Gli esperti di Kaspersky Lab hanno scoperto una serie di attacchi mirati “invisibili” che sfruttano solo software legittimi: tool di penetration-testing e amministrazione ampiamente diffusi, oltre al framework PowerShell per l’automazione delle attività su Windows. In questo modo, i cyber criminali sono riusciti a nascondere il malware nella memoria, evitando di doverlo inserire nell’hard drive. Questo approccio combinato aiuta ad evitare il rilevamento da parte delle tecnologie di whitelisting e non lascia prove o campioni di malware su cui possono lavorare gli investigatori forensi. I criminali rimangono sul dispositivo solo il tempo necessario per raccogliere informazioni prima che ogni traccia venga cancellata dal sistema al primo riavvio.
Alla fine del 2016, gli esperti di Kaspersky Lab sono stati contattati da alcune banche della Comunità degli Stati Indipendenti (CSI), che avevano scoperto il software di penetration-testing Meterpreter, oggi spesso usato per scopi nocivi, nella memoria dei propri server, mentre non avrebbe dovuto esserci. Kaspersky Lab ha scoperto che il codice del software Meterpreter era combinato con diversi script di PowerShell e altri servizi. La combinazione di questi tool era stata adattata in un codice nocivo in grado di nascondersi nella memoria, raccogliendo, senza essere scoperto, le password degli amministratori di sistema per permettere ai criminali di controllare da remoto il sistema colpito. L’obiettivo finale sembra essere stato ottenere l’accesso ai processi finanziari.

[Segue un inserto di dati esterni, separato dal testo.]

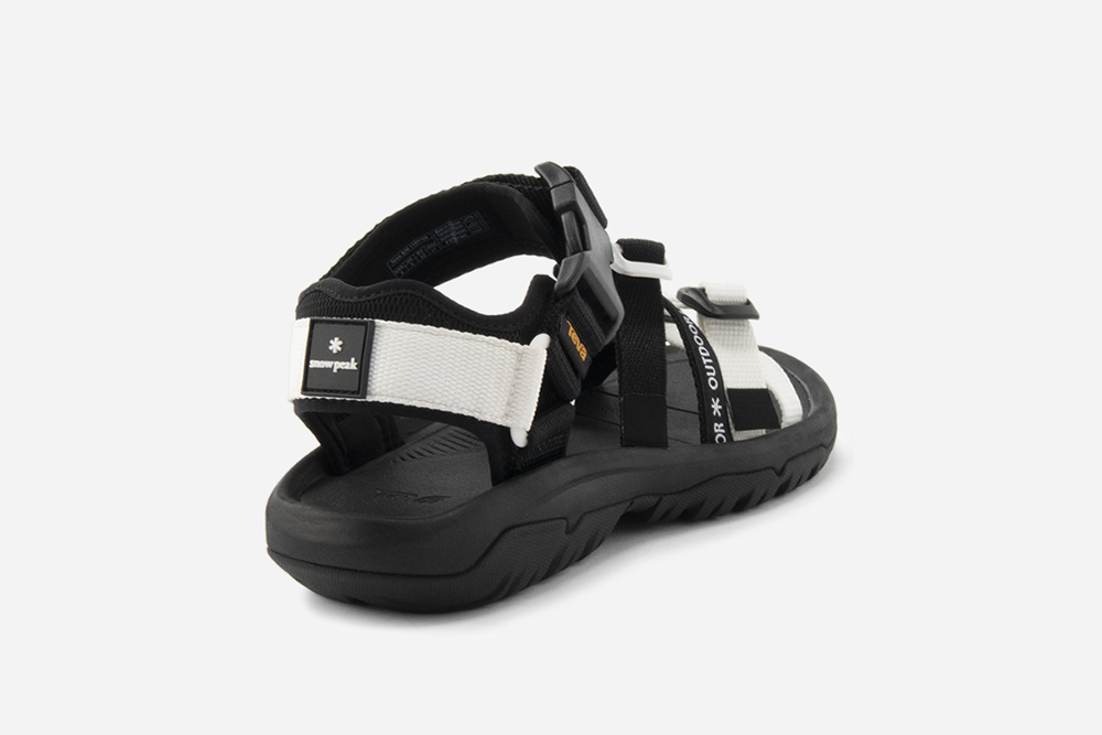 屈強な「HURRICANE」のソールに、90年代に人気を博したクラシックなモデル「ALP」から着想を得たストラップを融合させたノスタルジックなデザイン。Snow Peakの コーポレートカラーであるホワイト・ブラックのバイカラーをストラップに採用。中央のストラップにはSnow Peakのコーポレートメッセージ「OUTDOOR LIFESTYLE CREATOR」の文字をプリントし、ヒールストラップにはシリコンモールドでSnow Peakのロゴを配した特別仕様です。

Kaspersky Lab ha quindi scoperto che questi attacchi sono stati condotti su vasta scala: sono state colpite oltre 140 reti aziendali in diversi settori e la maggior parte delle vittime erano situate negli Stati Uniti, Francia, Ecuador, Kenya, Regno Unito e Russia.
In totale, sono state registrate infezioni in 40 Paesi.
Non si sa ancora chi si nasconda dietro questi attacchi. L’utilizzo di codice exploit open source, di comuni strumenti Windows e di domini sconosciuti rende praticamente impossibile determinare quale sia il gruppo responsabile o persino se si tratti di uno solo o di diversi gruppi che condividono gli stessi tool. I gruppi conosciuti che hanno un approccio simile sono GCMAN e Carbanak.
Questi tool rendono inoltre più complesso scoprire i dettagli degli attacchi. Il normale procedimento di risposta agli incidenti prevede che un investigatore studi le tracce e i campioni lasciati nella rete dagli hacker. Mentre i dati su un hard drive possono rimanere disponibili per un anno dopo l’incidente, le prove nascoste nella memoria vengono cancellate al primo riavvio del computer. Fortunatamente, in questa occasione, gli esperti sono arrivati in tempo.
“La determinazione dei cyber criminali a nascondere la loro attività e rendere sempre più difficile il rilevamento e la risposta agli incidenti spiega il recente aumento di tecniche di anti-forensics e malware basati sulla memoria. Questo è il motivo per cui le investigazioni sulla memoria stanno diventando essenziali per l’analisi dei malware e delle loro funzionalità. In questi incidenti, gli hacker hanno utilizzato ogni possibile tecnica di anti-forensics, dimostrando che non sono necessari malware per estrarre con successo informazioni da un network e che l’uso di strumenti legittimi e open source rende l’attribuzione praticamente impossibile”, ha commentato Sergey Golovanov, Principal Security Researcher di Kaspersky Lab.